鼻づまりの症状が強い場合には、非ステロイドの点鼻薬を用います。それでも効果が不十分な場合は、ステロイド点鼻薬を使いますが、長期使用は避け、1か月以内の使用にとどめます。鼻漏の症状が強い場合で、小児と高齢者以外の方は第二世代抗ヒスタミン剤を服用し、効果が不十分な場合は漢方や生薬を服用します。鼻漏を抑えたい、高齢者の方で、緑内障や前立腺障害がなく、眠くなる副作用が問題なければ第一世代抗ヒスタミン剤を服用し、緑内障や前立腺障害があったり、第一世代抗ヒスタミン剤を服用しても効果が出ない場合は、漢方や生薬を試します。

これらの薬を飲んでも症状が収まらない場合は、早めに耳鼻咽喉科へ受診することをおすすめします。
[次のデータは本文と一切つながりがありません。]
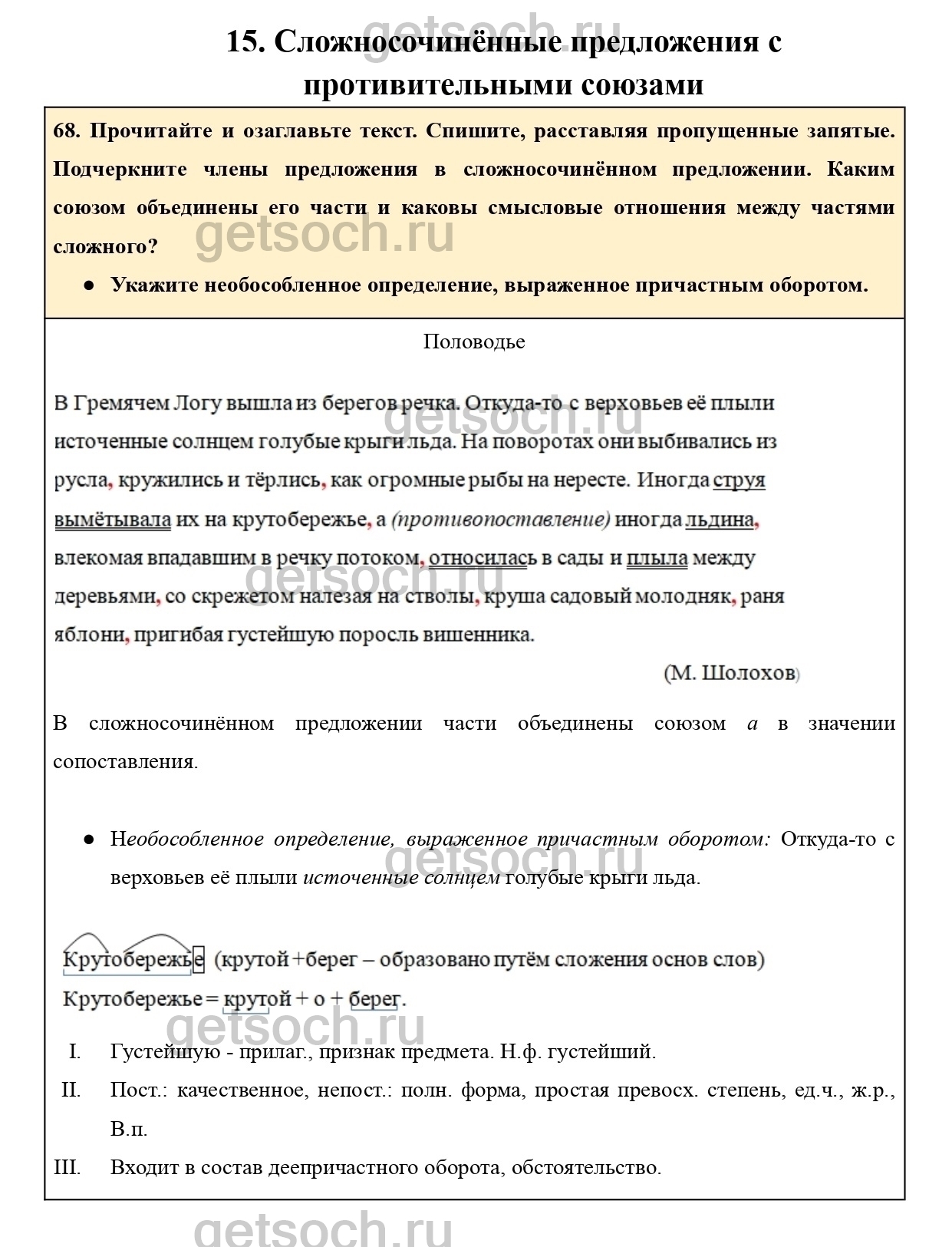 Рассмотрим ответы на Упражнение 68 из учебника по русскому языку для 9 класса Ладыженской
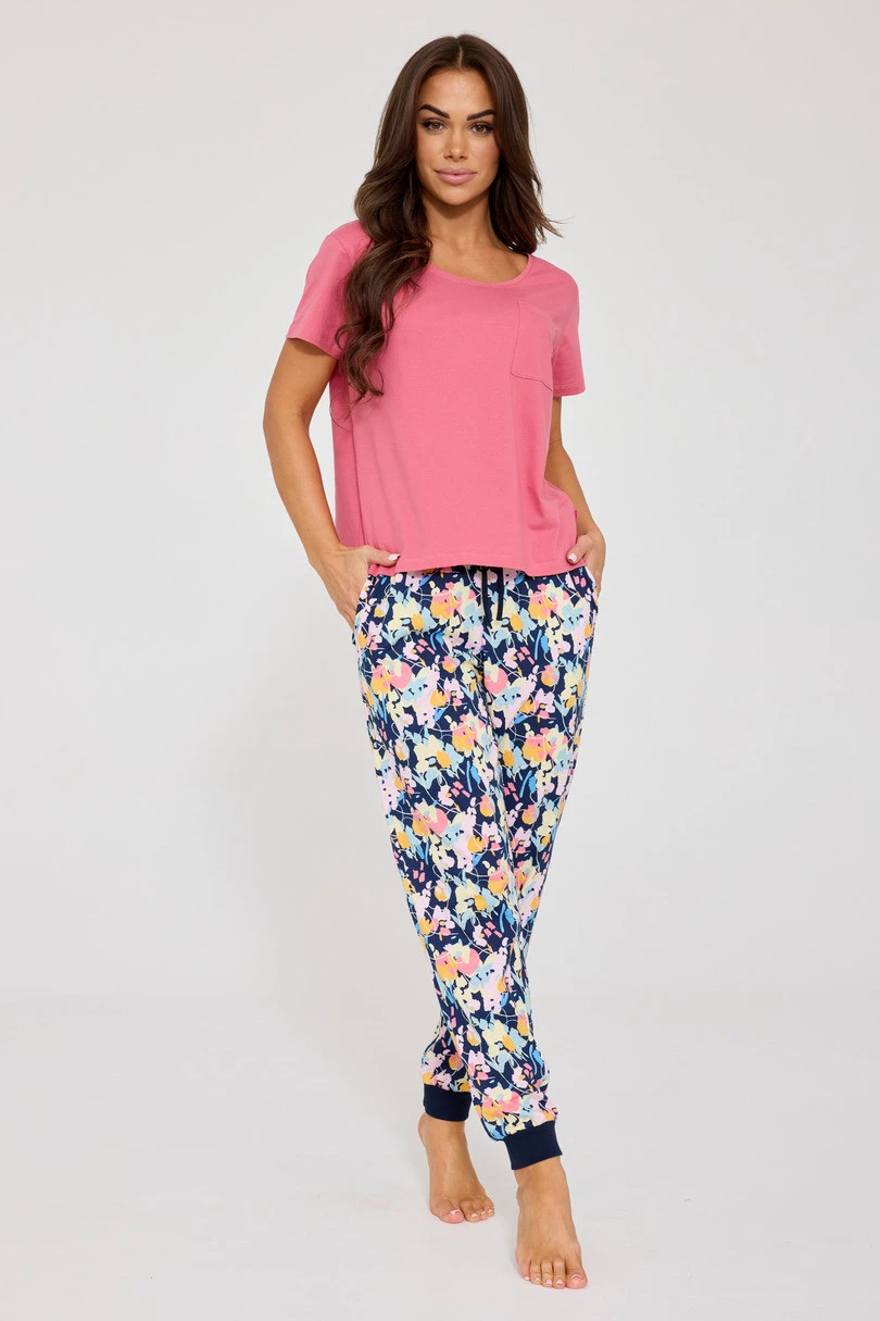 Dámské pyžamo KR 730/337 POLA je výjimečně pohodlný noční komplet ze 100% přírodní bavlny. Model kombinuje klasické hladké tričko s poutavými květinovými kalhotami a vytváří tak stylový a pohodlný komplet ideální pro každé roční období. Tričko s krátkým rukávem a kulatým výstřihem zajišťuje volnost pohybu, zatímco našitá náprsní kapsa dodává jemný půvab. Dlouhé kalhoty s barevným květinovým potiskem mají praktické kapsy na bocích, žebrované nohavice a zavazovací pásek, který zaručuje dokonalé padnutí. Pyžamo je zabaleno v estetické krabičce - ideální také jako dárek.
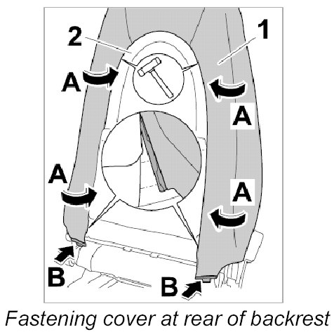 7. Engage connection of backrest cover -1- at the bottom into the cushion carrier -Arrows B-.
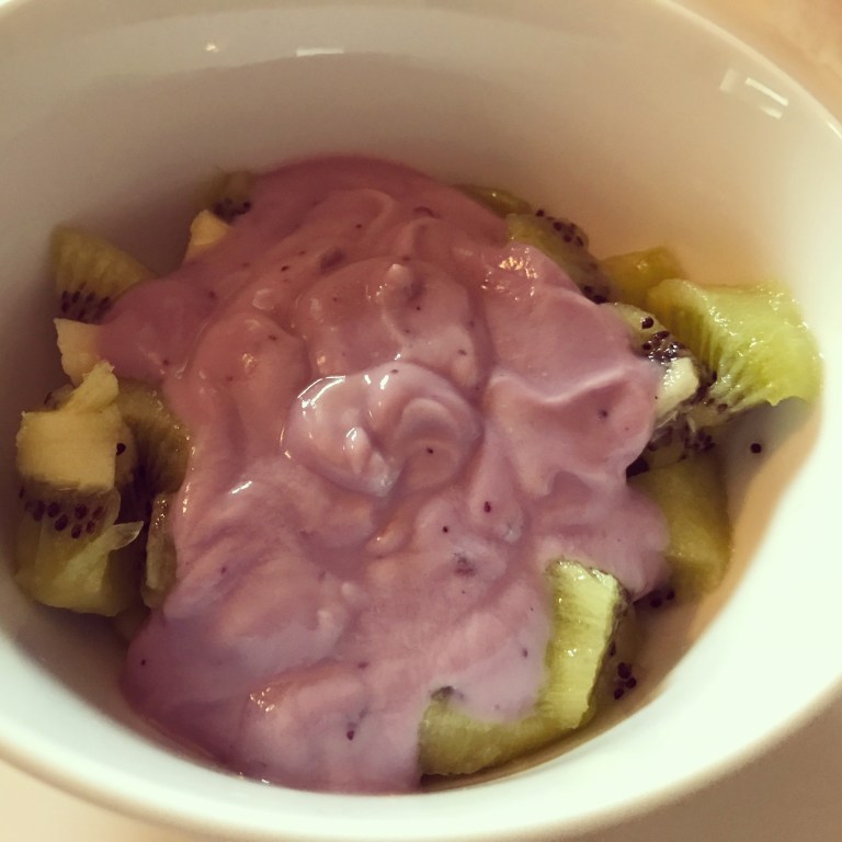 Oggi ho optato per una colazione semplice… un paio di kiwi, yogurt di soia al mirtillo e cereali All Bran…
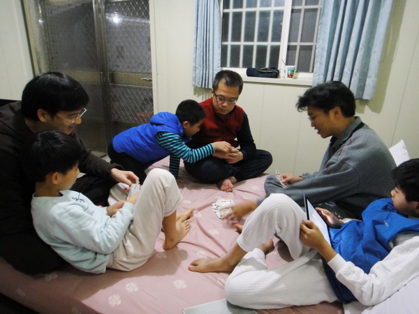 睡前的三家大老二撲克牌戰.....戰況激烈,最後一家烤肉二家香,小古輸了了
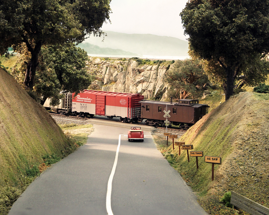 This scene illustrates a typical upstate New York area with the Hudson River in the background on a misty morning. The classic NYC Pacemaker box car, small-cupola caboose (limited tunnel clearances), Burma Shave signs and red convertible are certainly reminiscent of the 1950s. The vehicle’s driver is obviously attending to his biological needs just out of sight behind the hill since the train prevents driving forward. Yes, there is a logical explanation for everything.
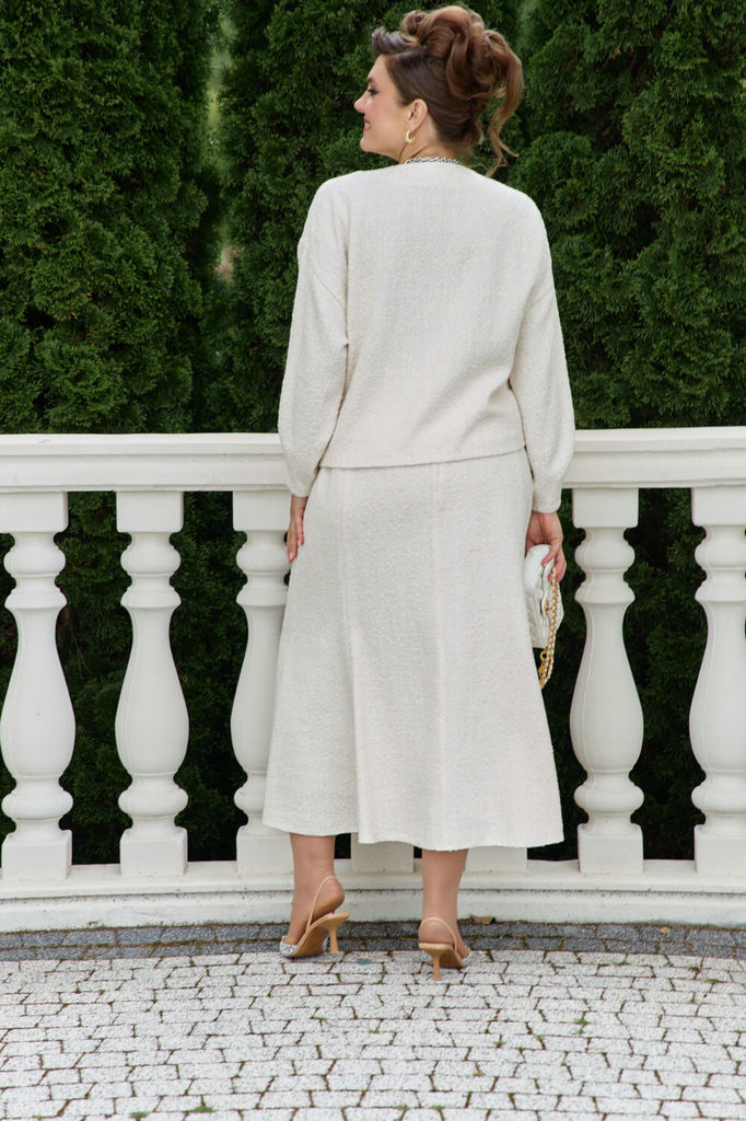 Состав: Костюм: Вискоза-9%; ПЭ-24%; Хлопок-35%; Акрил-32%; Подкладка: ПЭ-100%; Модель отшивается под заказ. Срок пошива от 3 недель. Безумно красивый и элегантный костюм в модном оттенке «сливочного м... Показать описаниеасла» мягко обволакивает фигуру, создавая тем самым шикарный образ. Костюм состоит из блузона свободного силуэта и юбки длины «миди» в силуэте «гадэ». Блузон свободного силуэта, с округлой формой горловины, линия плеча спущенная. Рукав втачной, длинный с застроченными вытачками от низа. Спинка в блузоне без особенностей.Юбка силуэта « гадэ» длины миди, обеспечивает мягкое прилегание по бёдрам, дарит комфорт подчёркивая фигуру благодаря крою. Пояс в юбке притачной, со вставкой эластичной тесьмы-резинки в бочках пояса. По переднему и заднему полотнищу юбки- вертикальные рельефы. В среднем шве юбки застёжка на потайную тесьму-молнию и пуговицу в поясе. Юбка на подкладке. Длина блузы по спинке 59 см (р 50-54), 61,5 см (р 56-60), длина рукава 45 см (р 50-54), 43 см (р 56-60). Длина юбки 88 см. Блуза 50 52 54 56 58 60 обхват груди 114 118 122 126 130 134 ширина изделия внизу 114 118 122 126 30 134 длина по спинке 59 59 59 61,5 61,5 61,5 Юбка 50 52 54 56 58 60 длина юбки 88 88 88 88 88 88 ширина по талии 80/94 84/98 88/102 92/106 96/110 100/114 ширина на уровне линии бедер 118 122 126 130 134 138
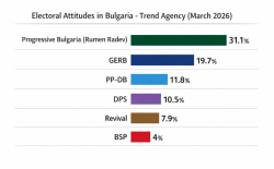 According to the latest Trend survey, “Progressive Bulgaria” is leading the polls ahead of the early parliamentary elections on April 19, with support from 31.1% of respondents who said they plan to vote. GERB follows in second place, polling at 19.7%, while "We Continue the Change-Democratic Bulgaria" (PP-DB) occupies third place with 11.8% backing.
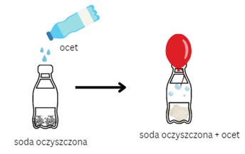 Opis: Do butelki PET wsyp 5 łyżeczek sody oczyszczonej następnie wlej 50 ml octu. Następnie. Na wlot butelki załóż balon. Następnie, ostrożnie zdejmij balon i zawiąż go, tak aby nie uciekła z niego gazowa zawartość. Puść balon w powietrze i zaobserwuj kierunek lotu.
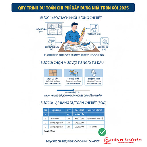 3. Quy trình lập dự toán chi phí hoàn thiện nhà trọn gói (chuẩn 2025)
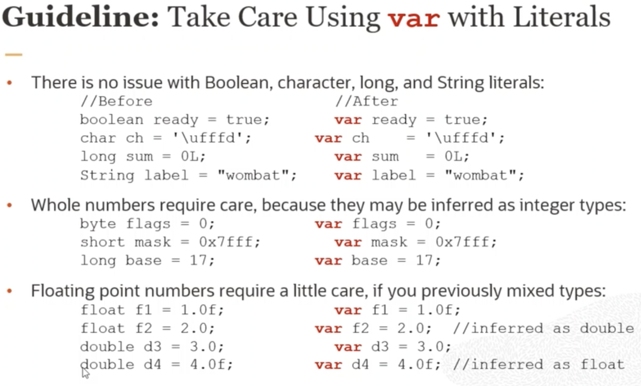 4) Line 20: Var can be used within a for-loop. And the type is inferred based on the collection we specify when the for-loop is declared.

病院では鼻の通りをよくする薬や、抗生剤、抗アレルギー剤が、患者さんの症状に応じて選択され、処方されます。現在は様々な薬の種類があるため、自分の症状によりピッタリな薬を選んでもらうためにも、医師や薬剤師に細かなことであっても、状態をしっかりと伝えることが大切です。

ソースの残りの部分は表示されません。